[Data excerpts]
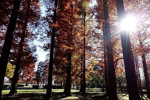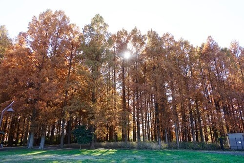 ここにはメタセコイアの林があり、およそ1800本もの木がある。
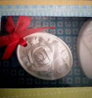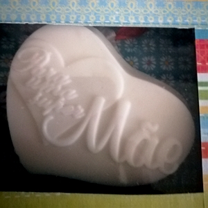A caixa contem 1 sabonete coração “para uma super Mãe”, 1 gesso perfumado. Aroma Talco Rosa
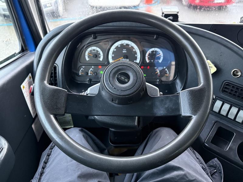 This 2017 Autocar Xpert recycling dump truck is powered by a Cummins ISB 6.7L 6-cylinder engine paired with an Allison 3500 6-speed automatic transmission and rear-wheel drive, and features a blue exterior with a black cloth interior. Equipment includes PTO, air brakes, and dual driving controls for both left-hand and right-hand operation. The dump box measures approximately 19 feet 5 inches long, 8 feet wide and 6 feet 6 inches high. Overall vehicle dimensions are about 32 feet 7 inches long, 8 feet 2 inches wide and 10 feet 1 inch high, with a GVWR of 15,875 kg (35,000 lb).
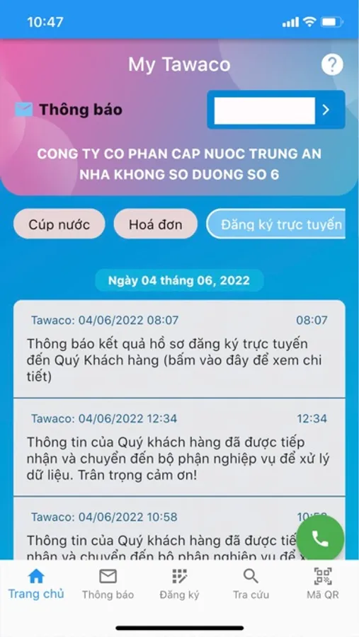 - Nhận các thông tin về dịch vụ cấp nước như: tạm ngưng cung cấp nước, thanh toán hóa đơn, lịch ghi chỉ số nước...
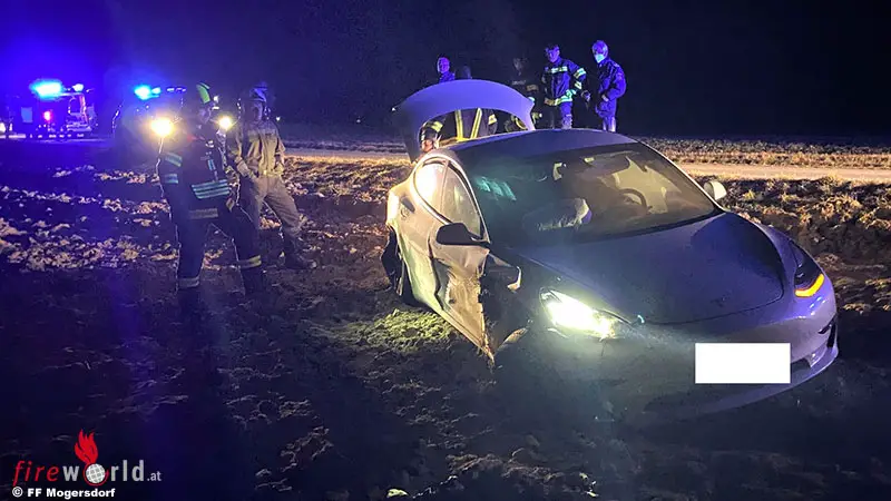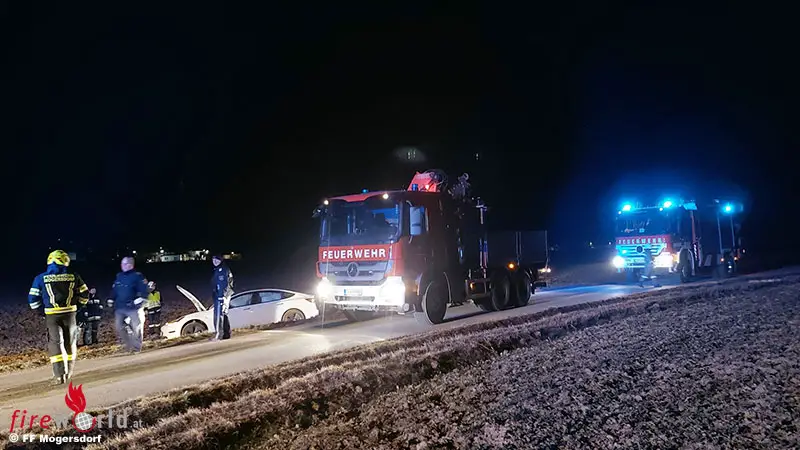 MOGERSDORF (BGLD): Am 11. März 2022 um 20:53 Uhr wurden die Feuerwehren Mogersdorf-Ort und Mogersdorf-Berg mittels Sirene zu einer Fahrzeugbergung am „Unteren Mitterweg“ in Mogersdorf (Bezirk Jennersdorf) alarmiert.
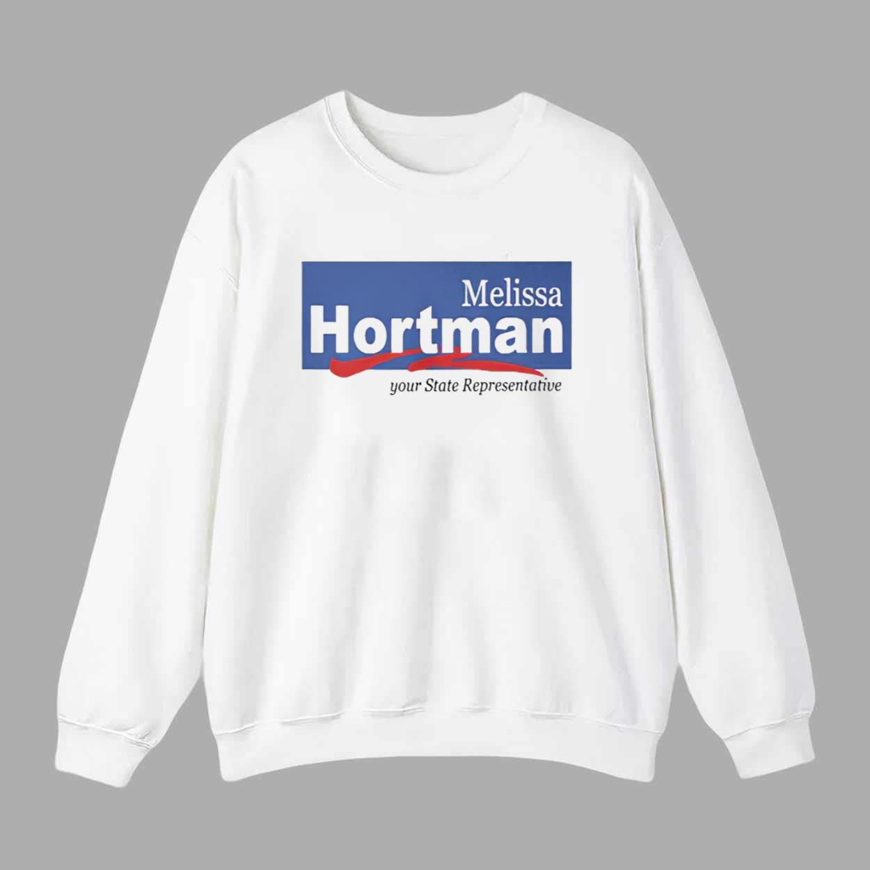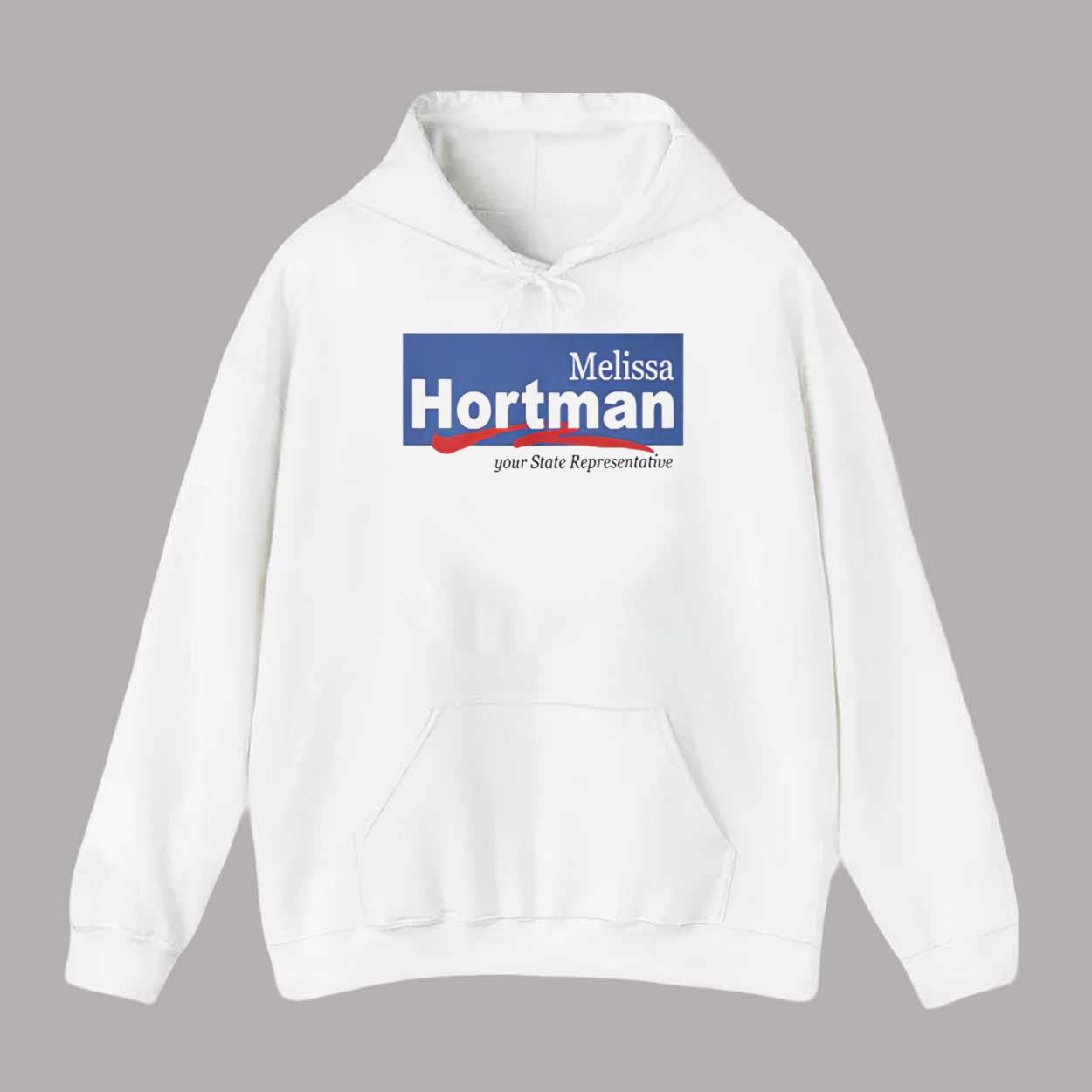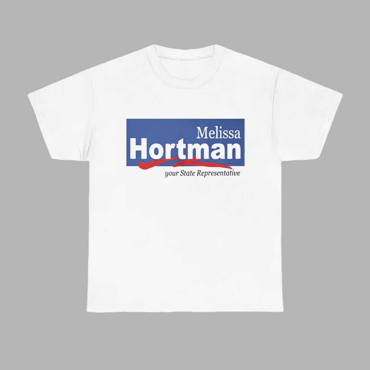 The shirt features a classic campaign design, combining a vibrant blue background, bold white text, and a dynamic red underline beneath “Hortman” to convey energy and commitment. The phrase “your State Representative” rests below in an elegant serif font, adding a formal touch to the otherwise modern look. The design is printed on a crisp white t-shirt, ensuring the graphic pops with visual clarity.
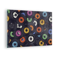 Obraz na szkle - Kolorowe płyty winylowe na czarnym tle - 70x50cm - Kolory klasyki - Nowoczesna dekoracja ścienna do salonu i sypialni ARTTOR
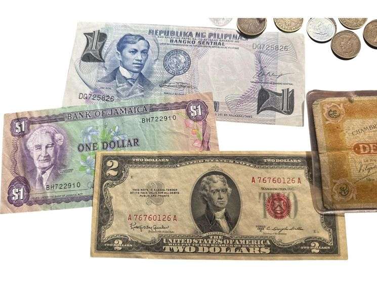 LOT 106 - Lot of Foreign Money - $2 Bill - Francs - Philippines - Canadian - Some Coins
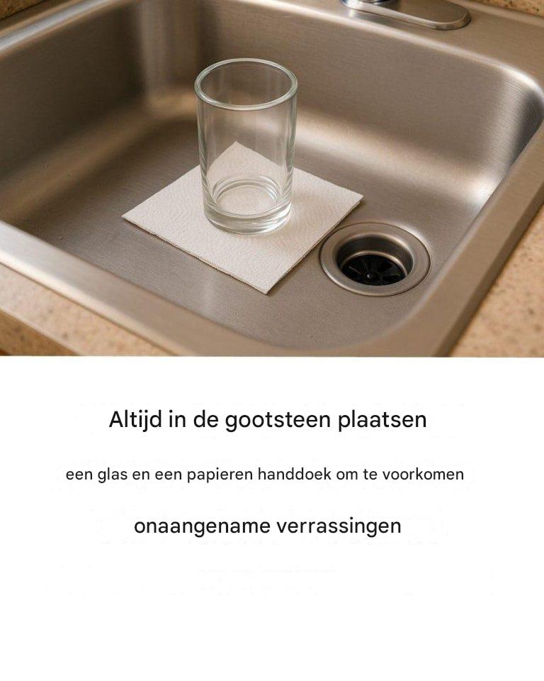 een glas of bord ondersteboven op een vochtig stuk keukenpapier in de gootsteen zetten, vertraagt de verdamping en creëert een vochtige micro-omgeving. Dit helpt het water in de gootsteenafvoer schoon te houden en vermindert de kans op onaangename geurtjes.
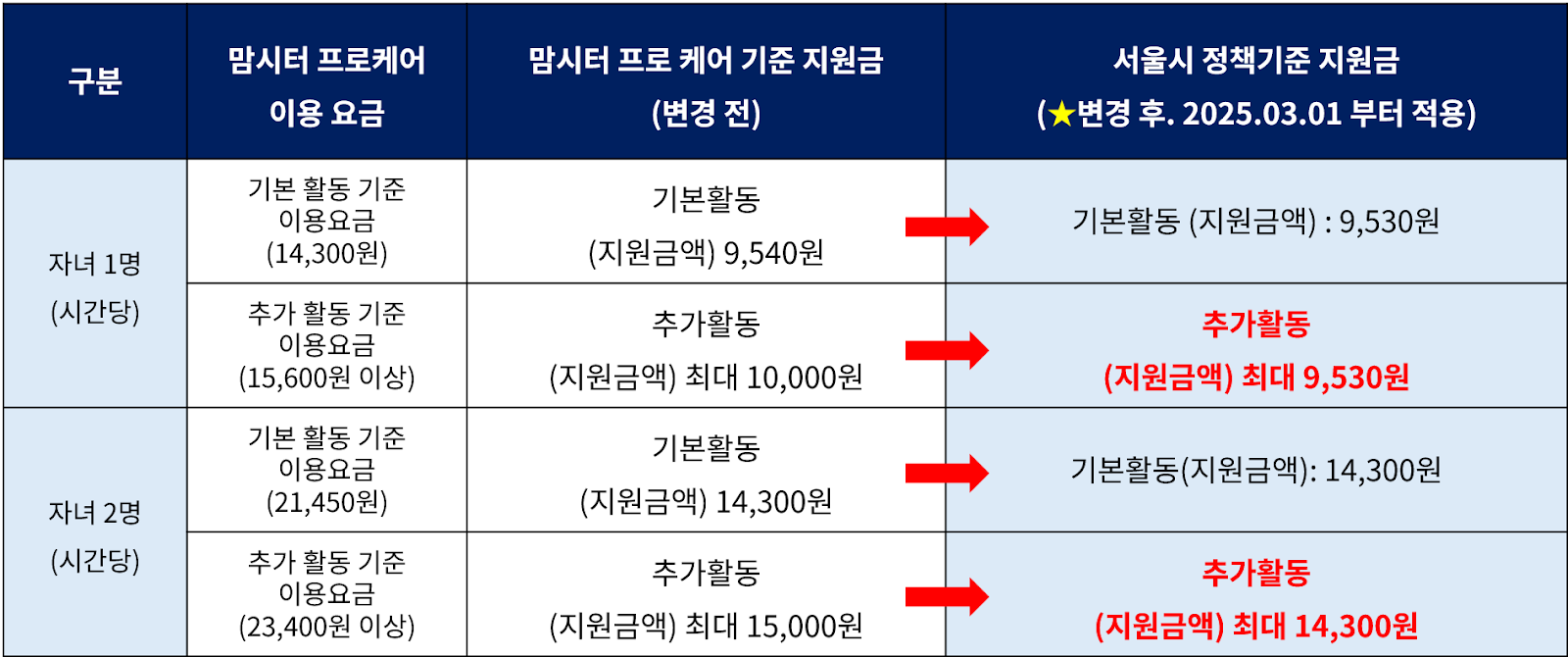 2025년 3월부터 맘시터 프로케어를 이용하시는 서울소상공인 지원사업 부모님의 ‘시간당 돌봄비 지원금액’에 변동이 있어 안내드립니다.
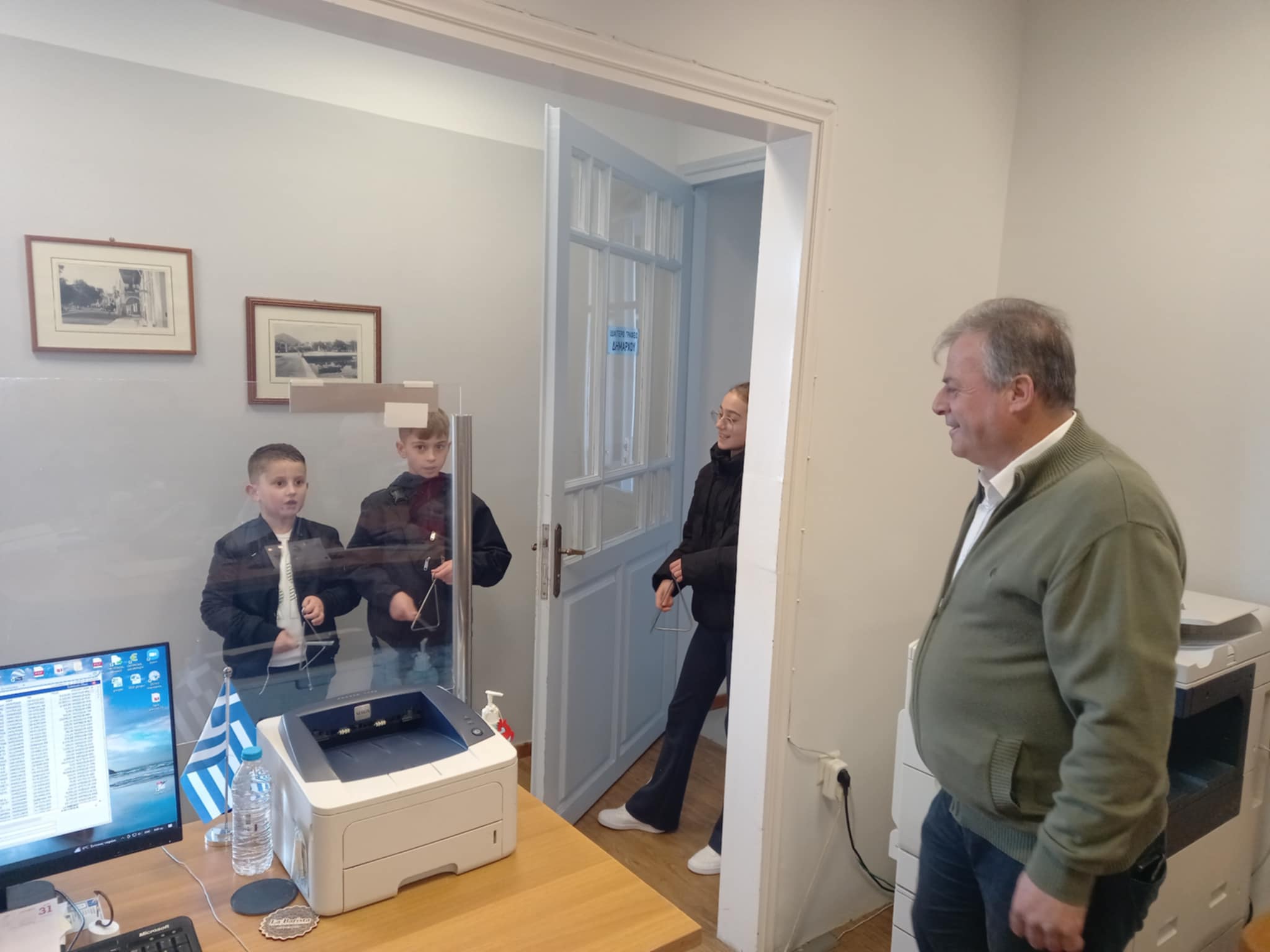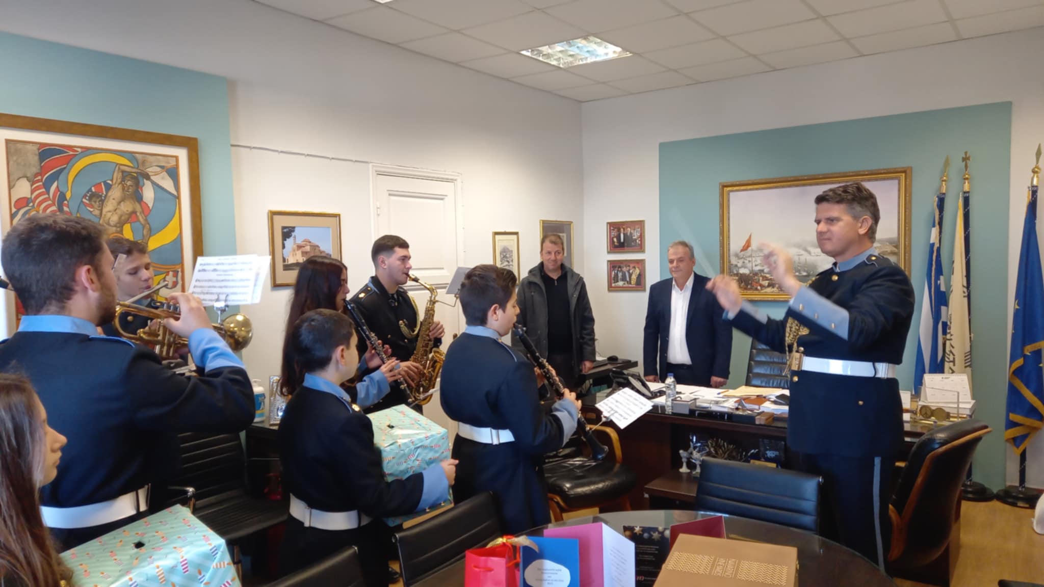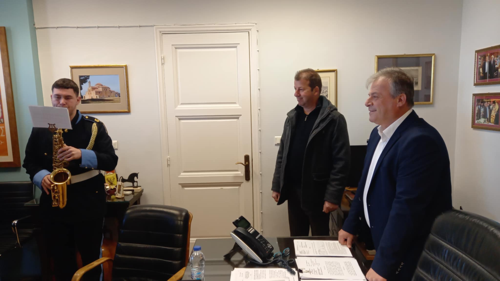 Τα παιδιά της Φιλαρμονικής συνοδευόμενα από το μαέστρο Γιάννη Σταθόπουλο βρέθηκαν το πρωί στο Δημαρχείο, όπου τους υποδέχθηκε ο Δήμαρχος Παναγιώτης Καρβέλας, ο Αντιδήμαρχος Γιώργος Κουφόγιωργας, αλλά και Δημοτικοί Υπάλληλοι.

- [WORK REQUEST]: Give the lines again exactly, starting where the entries begin and stopping once the line with "- Nhận các thông" is included; pictures are not copied.

- [REPLY TO THE TASK]:
 ここにはメタセコイアの林があり、およそ1800本もの木がある。
A caixa contem 1 sabonete coração “para uma super Mãe”, 1 gesso perfumado. Aroma Talco Rosa
 This 2017 Autocar Xpert recycling dump truck is powered by a Cummins ISB 6.7L 6-cylinder engine paired with an Allison 3500 6-speed automatic transmission and rear-wheel drive, and features a blue exterior with a black cloth interior. Equipment includes PTO, air brakes, and dual driving controls for both left-hand and right-hand operation. The dump box measures approximately 19 feet 5 inches long, 8 feet wide and 6 feet 6 inches high. Overall vehicle dimensions are about 32 feet 7 inches long, 8 feet 2 inches wide and 10 feet 1 inch high, with a GVWR of 15,875 kg (35,000 lb).
 - Nhận các thông tin về dịch vụ cấp nước như: tạm ngưng cung cấp nước, thanh toán hóa đơn, lịch ghi chỉ số nước...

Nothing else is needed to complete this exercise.